My wife must have the same feelings towards me from time to time when depression takes over. Not again. Why me. Should have chosen someone that isn’t as mad as a box of frogs. Mum had no control over her illnesses and neither do I. Unfortunately this does seem to be a hereditary fate. Mums demons are my demons but I don’t have children to live for and I don’t have her faith to fall back on either but on the plus side that means the curse won’t be passed on to another generation.

Right now I’m coming out of my most recent episode of crisis. I’m not at immediate “risk” but I can make no promises about what the future will brings but then who can? We don’t know what is around the corner, maybe things will change for the better? Things don’t improve passively, you have to make them happen.

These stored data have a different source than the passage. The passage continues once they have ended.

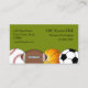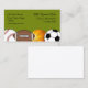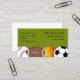 Sports themed business card with baseball, football, basketball and soccer ball on green background. Great choice for coaches or any sporting goods related businesses or organisations.Graphics©http://www.delightful-doodles.com/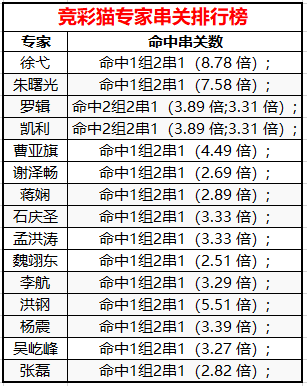 昨日多位专家命中串关,其中徐弋命中一组8.78倍串关,朱曙光命中一组7.58倍串关,罗辑和凯利分别命中2组串关,此外还有众多专家命中串关。今日串关推荐,以上专家的方案值得参考!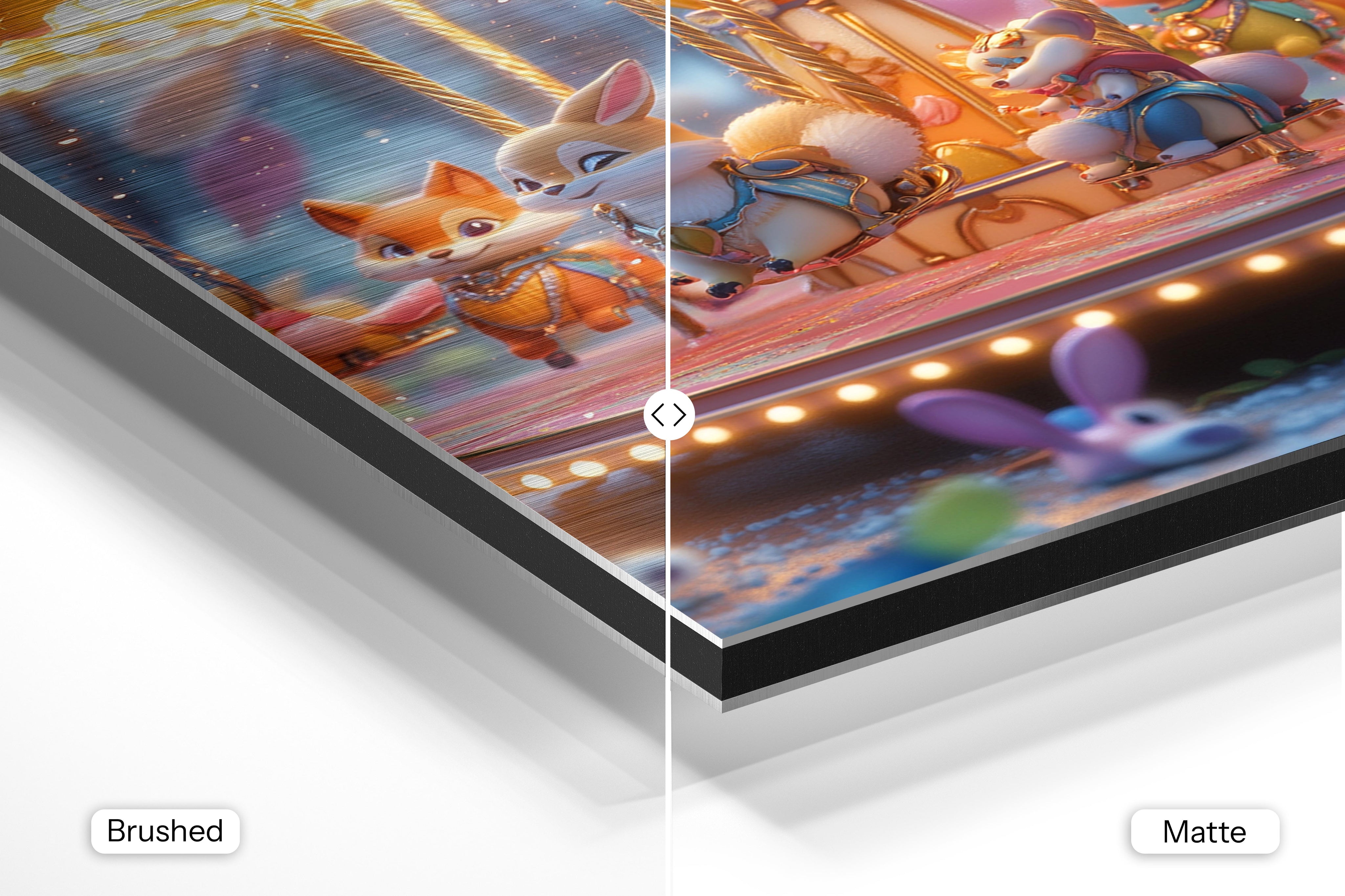 - Matte Aluminum offers a smooth, bright white surface that delivers crisp details and vibrant, true-to-life colors. With its non-reflective finish and subtle silky sheen, it’s perfect for photography, portraits, and colorful artwork—bringing a clean, polished look to any interior.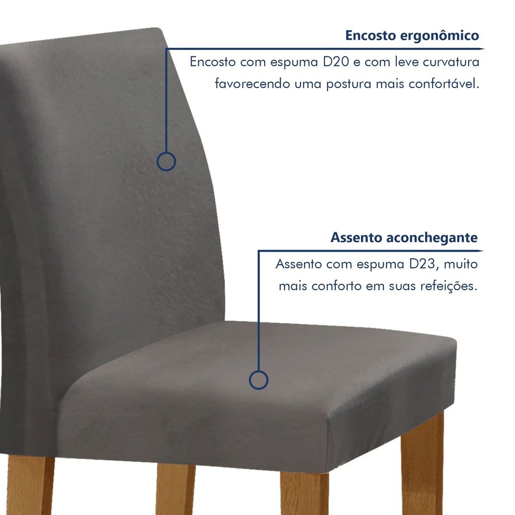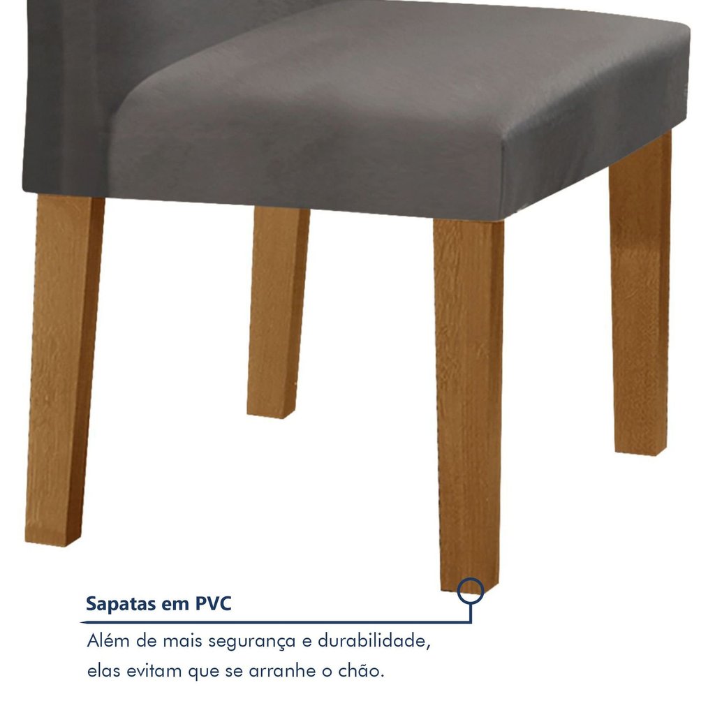 Conjunto Sala de Jantar Mesa 120x80cm Tampo Mdf/vidro com 4 Cadeiras Espanha Yescasa Ypê/Grafite/Suede Cinza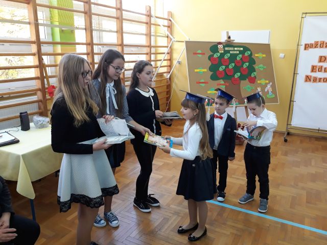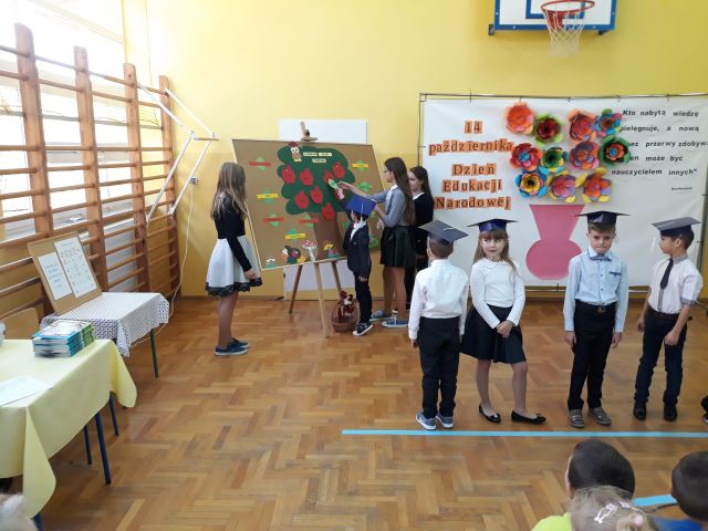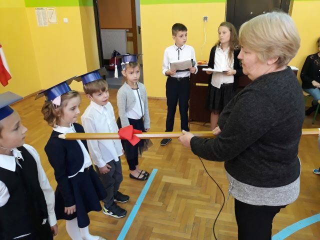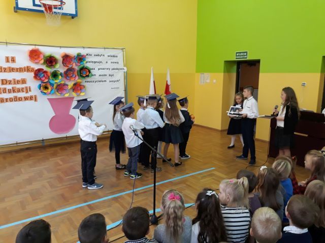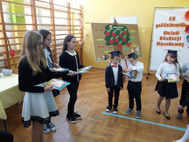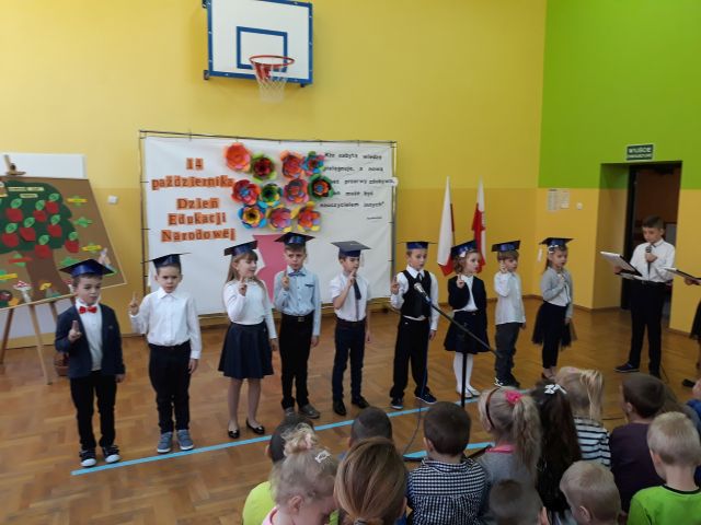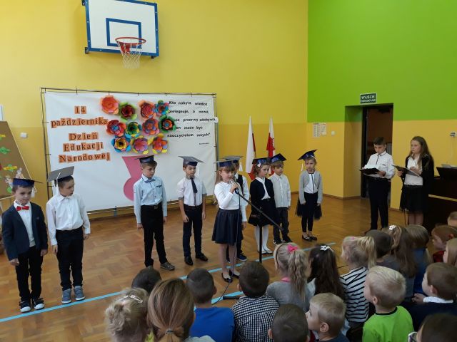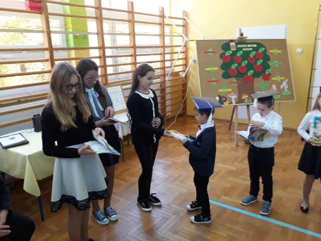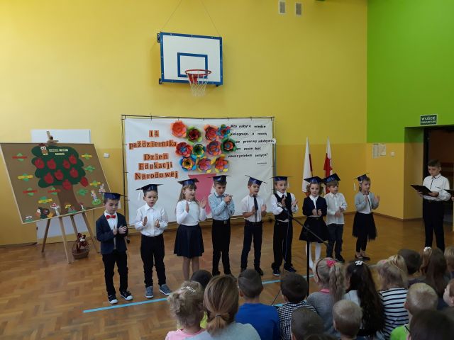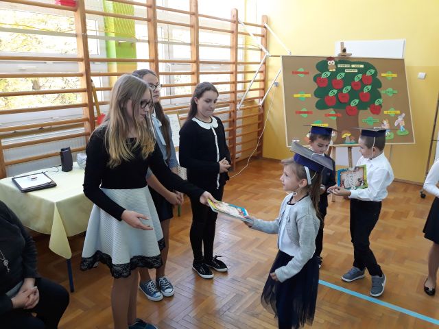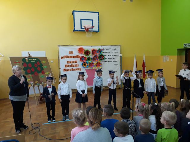 Tradycją w naszej szkole jest to, że właśnie w Dzień Edukacji Narodowej dokonujemy pasowania pierwszoklasistów. 15.10.2018 r. uczniowie klasy pierwszej złożyli uroczyste ślubowanie i zostali włączeni w poczet uczniów Szkoły Podstawowej Nr 2 w Golcowej. Przygotowany przez nich montaż słowno-muzyczny pokazał, że wiele już potrafią, chętnie współpracują ze sobą i umieją zdobytą wiedzę zastosować. Uczniowie potrafili dzielnie i wytrwale rozwiązywać postawione przed nimi zadania, a także wykazali się znajomością praw i obowiązków uczniów. Zaprezentowali się również jako mali patrioci, recytując wiersze oraz śpiewając piosenki. Występ naszych pierwszaków został nagrodzony gromkimi brawami. Życzymy Im wielu sukcesów i realizacji obietnic złożonych podczas ślubowania.
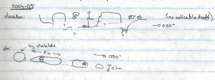 Descended 2000-08 to look at the supposed dig. It didn't go.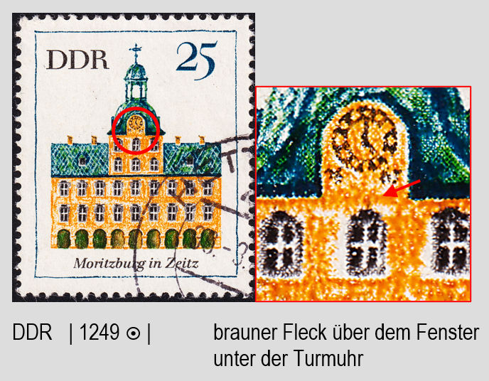 DDR 1249 | gest | brauner Fleck über dem Fenster unter der Turmuhr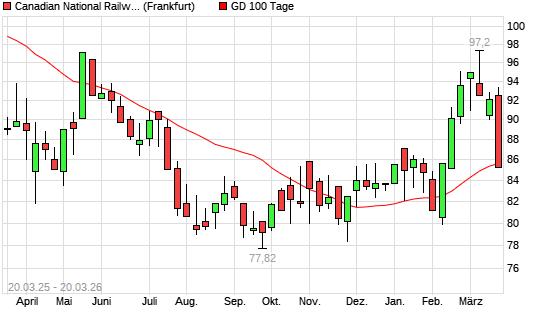 Mit dem Rücksetzer auf 85,34 EUR hat die Canadian National Railway-Aktie am 19.03.2026 die 100-Tage-Linie nach unten gekreuzt.

I’ve lost just under one and a half stone since the summer, it’s not a lot, I’ve lost more weight than that in a single week with other diets before but it’s slow and steady this time. I am in a race against time with my own mind but I’m still in the race. I haven’t given up yet.

I may have to wait another 3 years for the weight loss surgery that I think will give me the best possible chance of an improved quality of life worth living for but it feels very much like I’m walking the green mile and part of me hopes that the phone will ring and there will be a reprieve whilst the other half just wants it to be over. I’m tired boss, as the famous quote goes.